These were a Rivera design I believe. A few oddball obsolete parts that you can't find aftermarket, unlike BF and SF Fenders.


----------



## cboutilier (Jan 12, 2016)

JBFairthorne said:


> I have a DR II that is my favourite amp. Perhaps the one you tried wasn’t 100%. They’re a bit of a different breed than the corresponding amps without the II
> 
> I already have an Evil Twin with the low power switch. The ONLY reason I even considered buying this one was because it was a II. Now I’m not sure about the Twin II, but the DR II has a very useable drive channel that includes a master volume, making it useable at lower volumes. It was this feature, that hopefully the Twin II also has, that made me consider buying it anyhow. Also, the reverb on my DR II is simply the best sounding, most useable across the entire sweep, of any on board reverb in any fender amp I’ve ever owned.

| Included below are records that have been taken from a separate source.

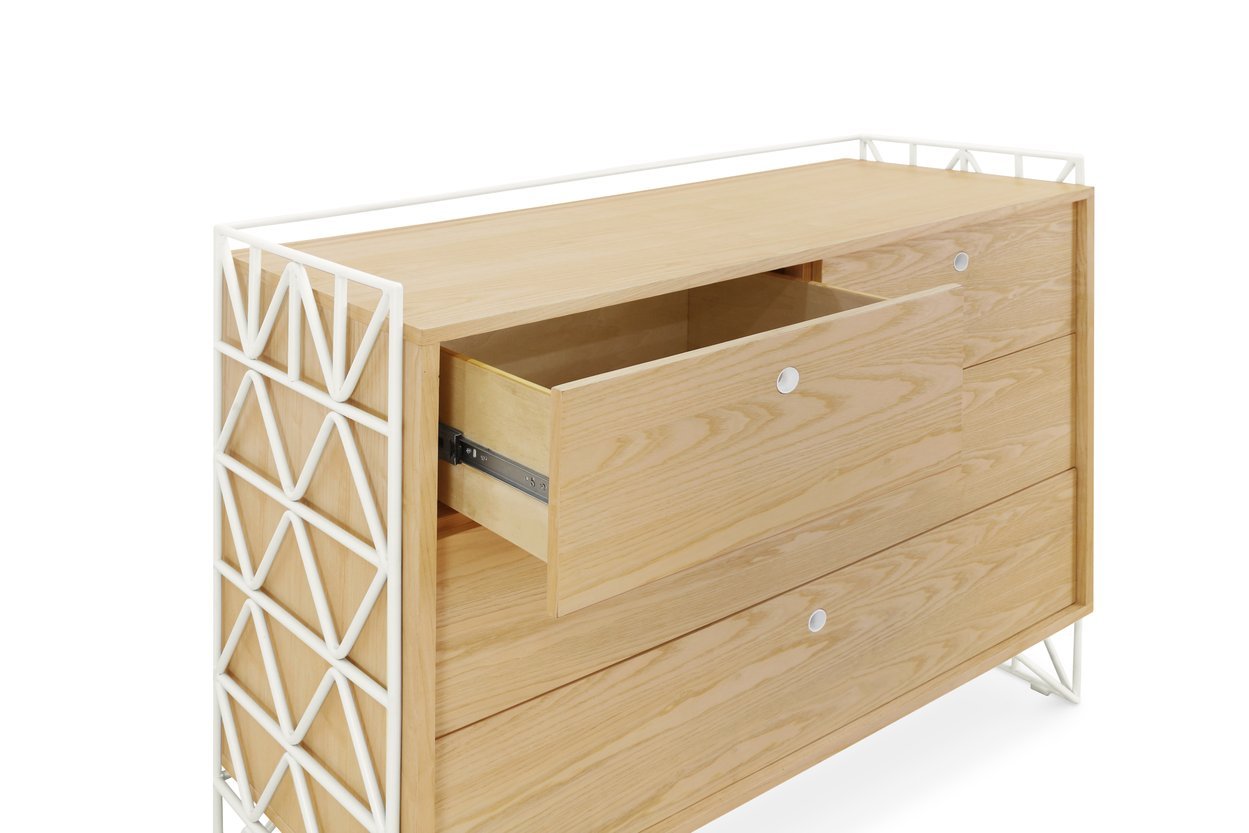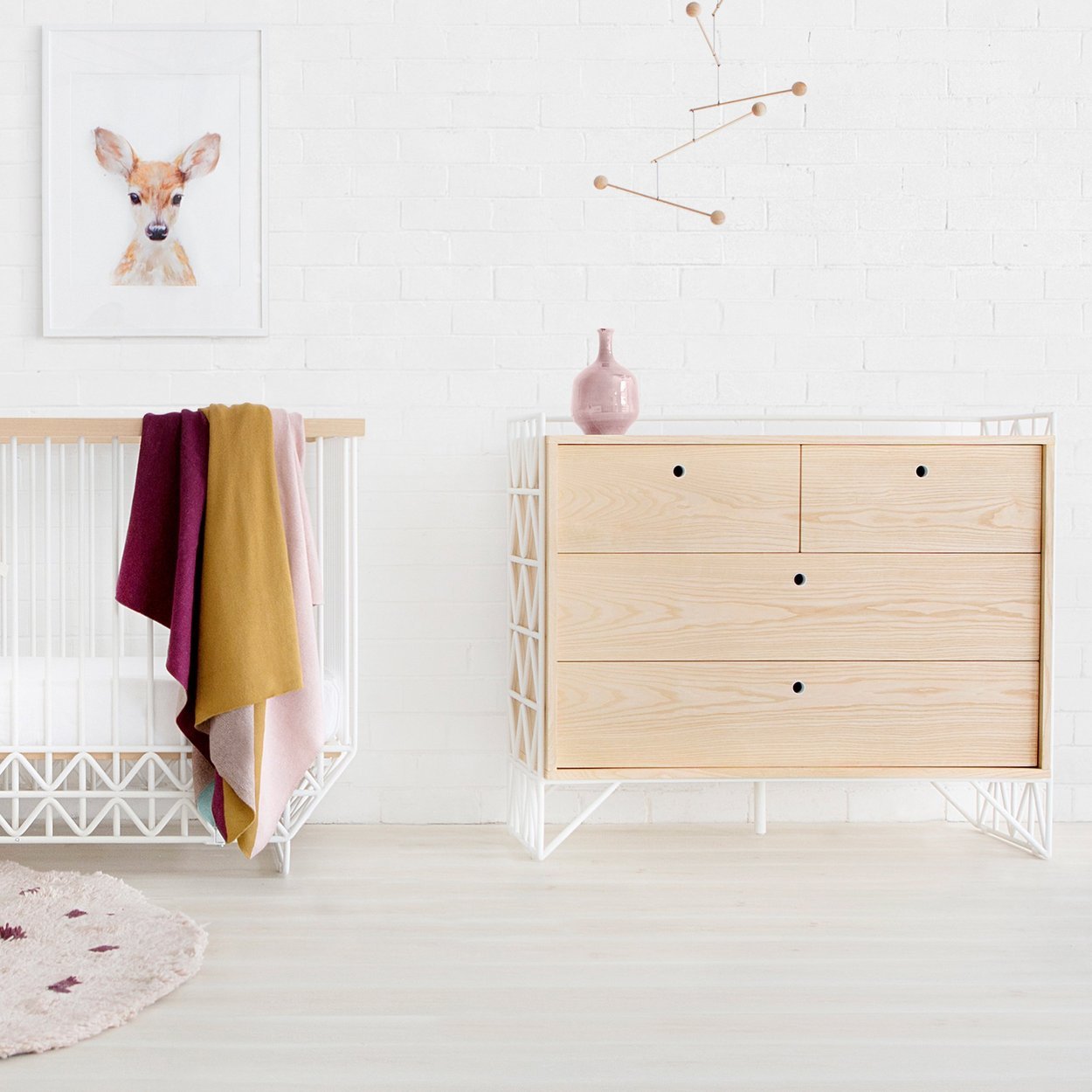 The perfect companion to your Mod Cot, the Mod Dresser is designed for great storage capacity and ample room on top for changing baby. Its sleek, modern and durable design combines ash wooden drawers with a stylish geometric bent-steel frame. Keep baby’s clothes and necessities organised in the smooth-opening drawers, while stop mechanisms prevent them from being pulled all the way out.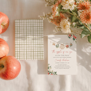 Celebrate a little one on the way with this apple baby shower invitation! This is a template that you can edit yourself at Corjl.com, then download and print with a printing service of your choice or send as a digital invitation.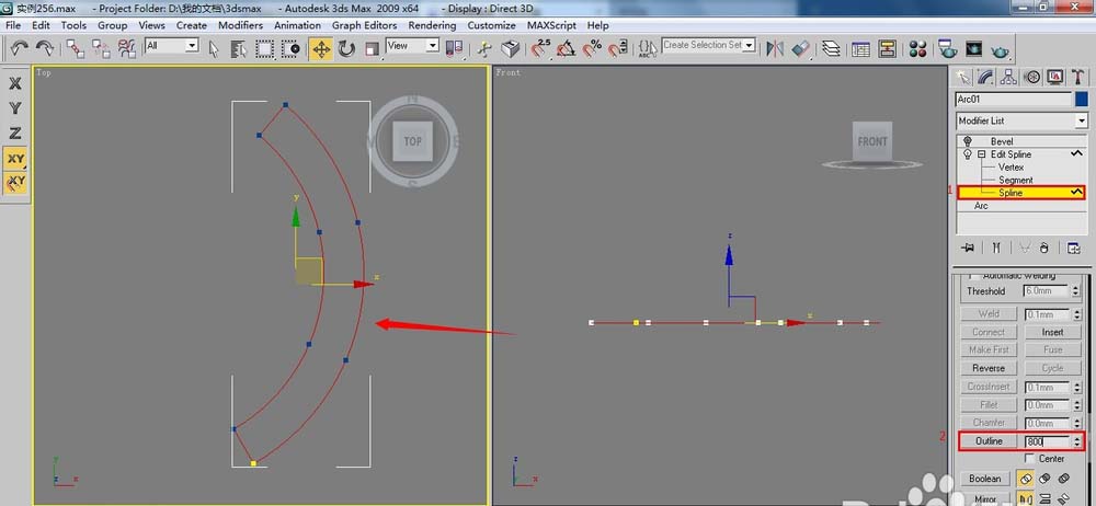 2、为圆弧添加【Edit Spline】(编辑样条线)修改命令,进入(样条线)层级,在【Outline】(轮廓)右侧的数值框中输入800,勾选【Center】(中心)复选框,单击【Outline】(轮廓)按钮,如下图所示。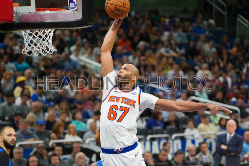 New York Knicks Forward Taj Gibson makes a dunk at the Amway Center in Orlando Forida on Wednesday, October 30, 2019. Photo Credit: Marty Jean-Louis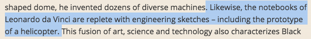 This drawing is of a flying machine and it looks really cool and amazing for its time, but calling it the prototype of a helicopter is a giving a lot of credit to Leonardo. Again, contextualization would be nice.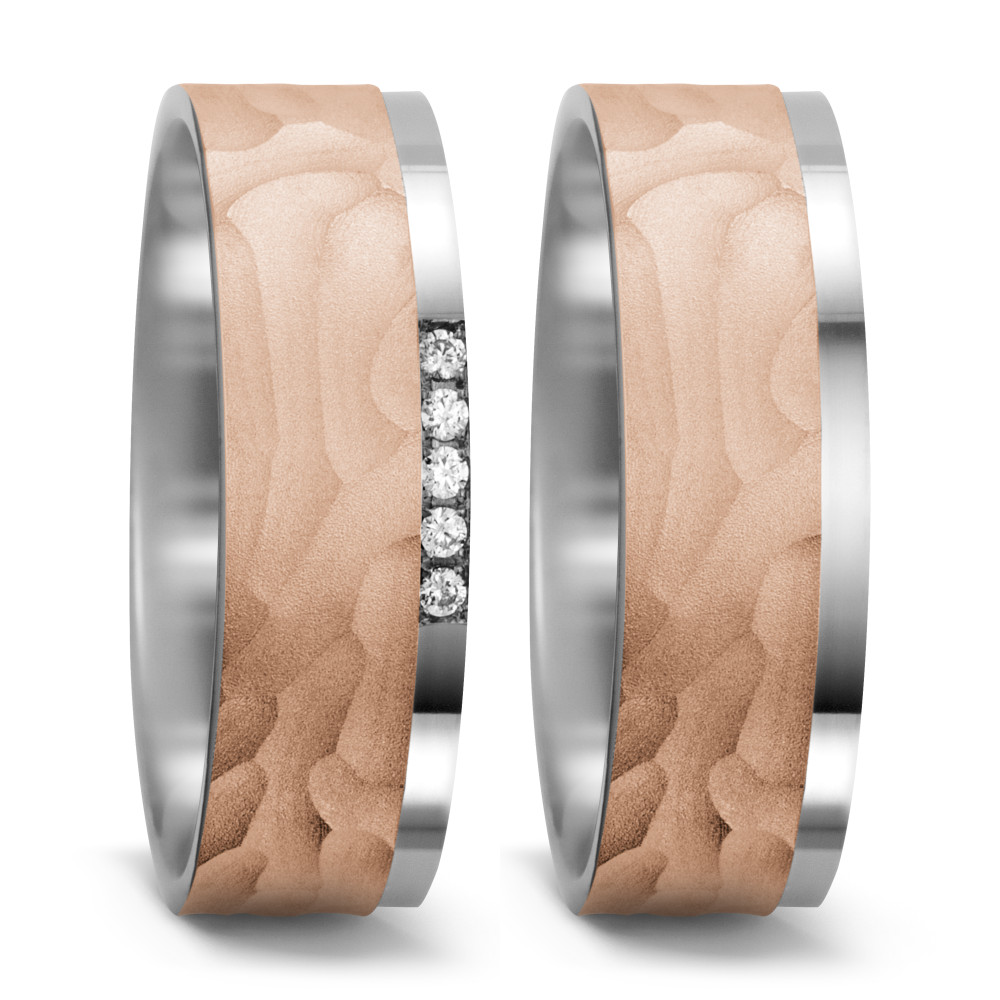 NEUER HERSTELLER: Weidner Trauringe aus Waldstetten. Zweifarbige, Ringe mit einer aussergewöhnliche Oberfläche aus Grau - Rosegold 585. 5 Brillanten 0,05 ct tw-si.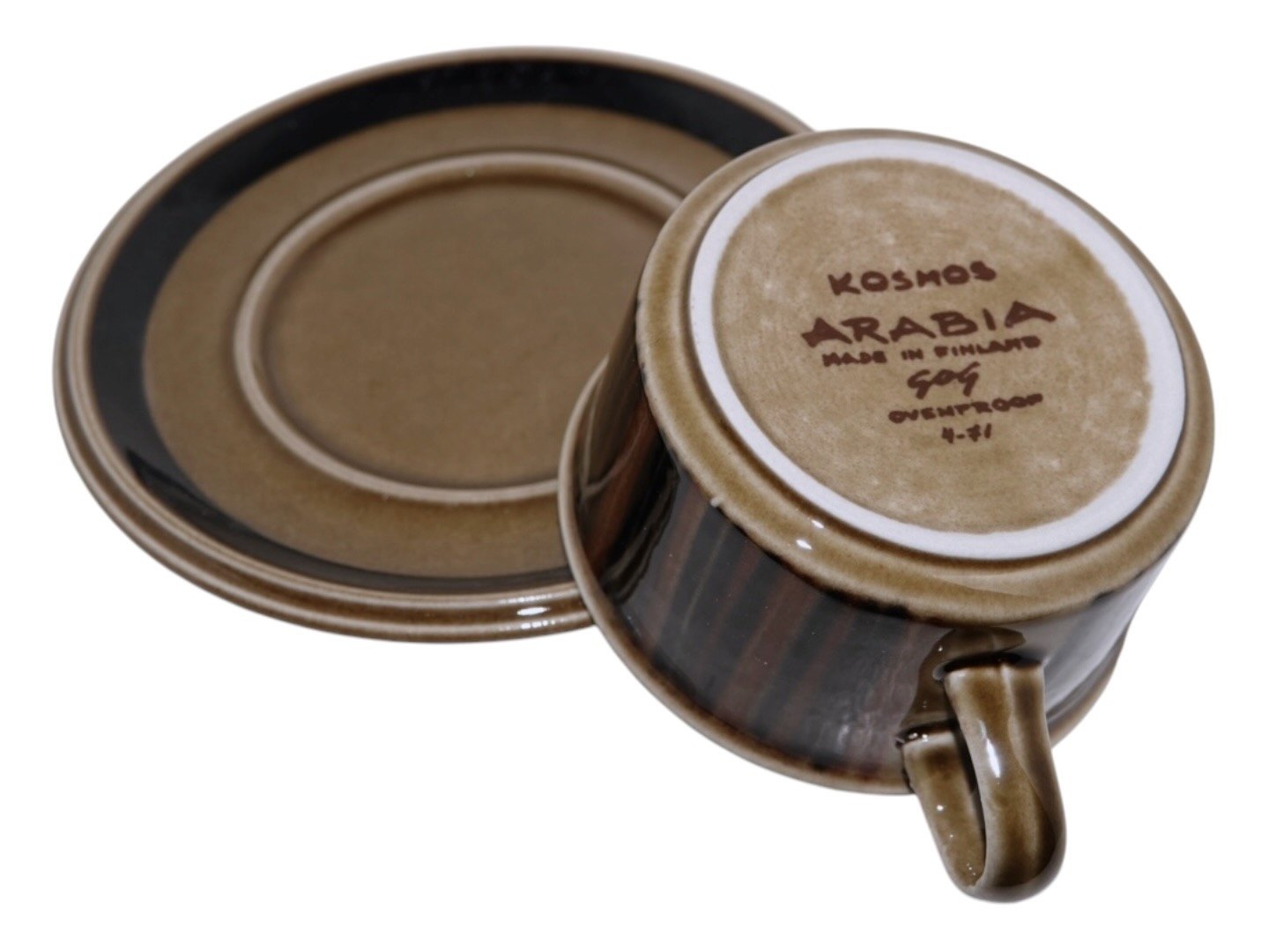 Arabia Finland Kosmos, teacup with matching saucer.Designed by Gunvor Olin-Grönqvist in 1962.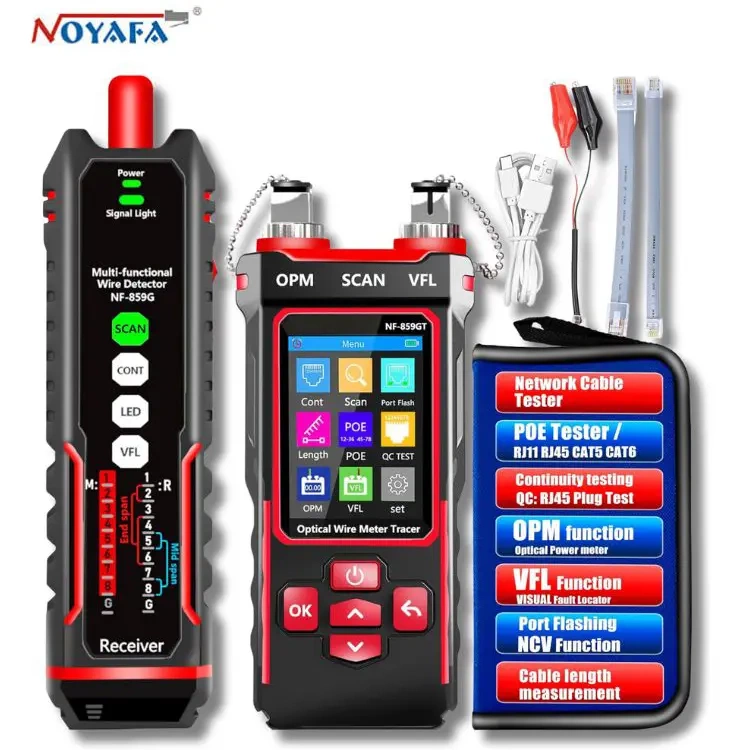 NOYAFA NF-859GT to kompletny, wielofunkcyjny tester okablowania dla instalatorów sieci Ethernet, telekomunikacji i światłowodów. Łączy w sobie aż 10 kluczowych funkcji diagnostycznych, umożliwiając testowanie mapy przewodów, pomiary długości, analizę PoE, lokalizację uszkodzeń w światłowodach (VFL), pomiar mocy optycznej (OPM), testowanie zarobienia złączy RJ11/RJ45, wykrywanie napięcia NCV oraz szybkie wyszukiwanie portów w switchach. Dzięki temu znacząco skraca czas instalacji i serwisu oraz zwiększa niezawodność całej infrastruktury sieciowej.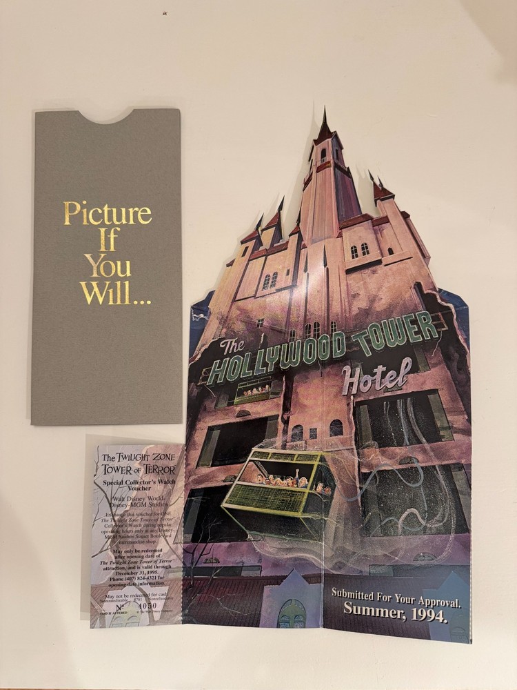 Rare limited edition Disney watch created for the Grand Opening of The Twilight Zone Tower of Terror at Disney-MGM Studios in July 1994 . This commemorative piece was part of the attraction’s opening merchandise and includes the original unused redemption voucher , watch sleeve, and the watch itself. 🕰️ What’s Included: Tower of Terror limited edition watch (1994) Original watch sleeve Unused voucher to redeem the watch 📦 Condition: Watch is unused and never worn Will require a new battery Packaging and voucher show light age but are well preserved (see photos) This is an exceptional find for Disneyana collectors, Tower of Terror fans, and vintage park memorabilia enthusiasts—especially with the unused voucher, which is rarely still included. A true piece of early Disney-MGM Studios history.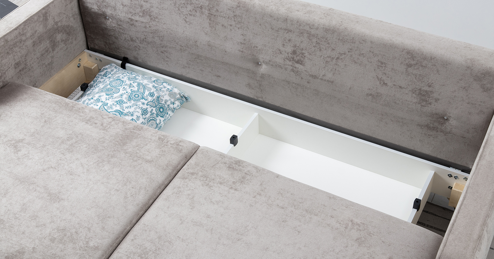 Объемные подушки дивана обеспечивают эргономичную посадку, а ровное спальное место - полноценный ночной отдых.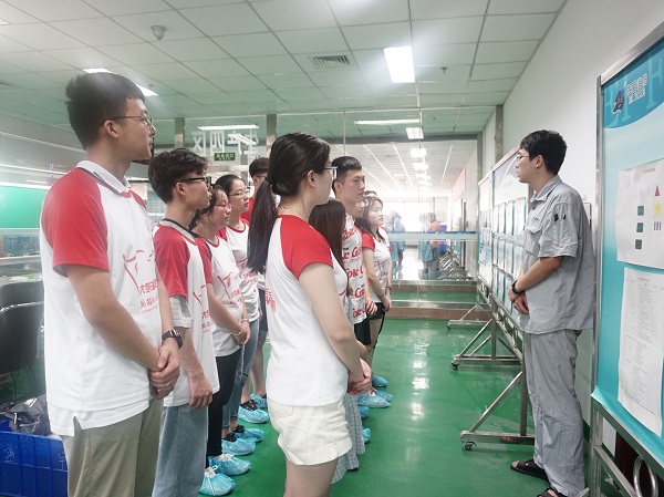 活动伊始,8号生产线张组长开了一个简短的会议,并介绍了该生产线双向双面安全指示灯的生产概况。他提出了详细的工作要求:在保证质量的前提下,提高数量。之后,产线负责人向实践团队演示了部分流程的具体操作,队员们都悉心听讲,并在短时间内掌握了操作的规范技术。

I hope to land one of the Rivera Fender amps some day. The collection could use one.


----------



## JBFairthorne (Oct 11, 2014)

Yeah. I’ve been looking for a sensibly priced PR II for a while now.


----------



## SWLABR (Nov 7, 2017)

Uhmmmm.... those scratches look like they were made over years and years. I will never have a cat in my house, but if I did, it would scratch my amp ONCE!!!


----------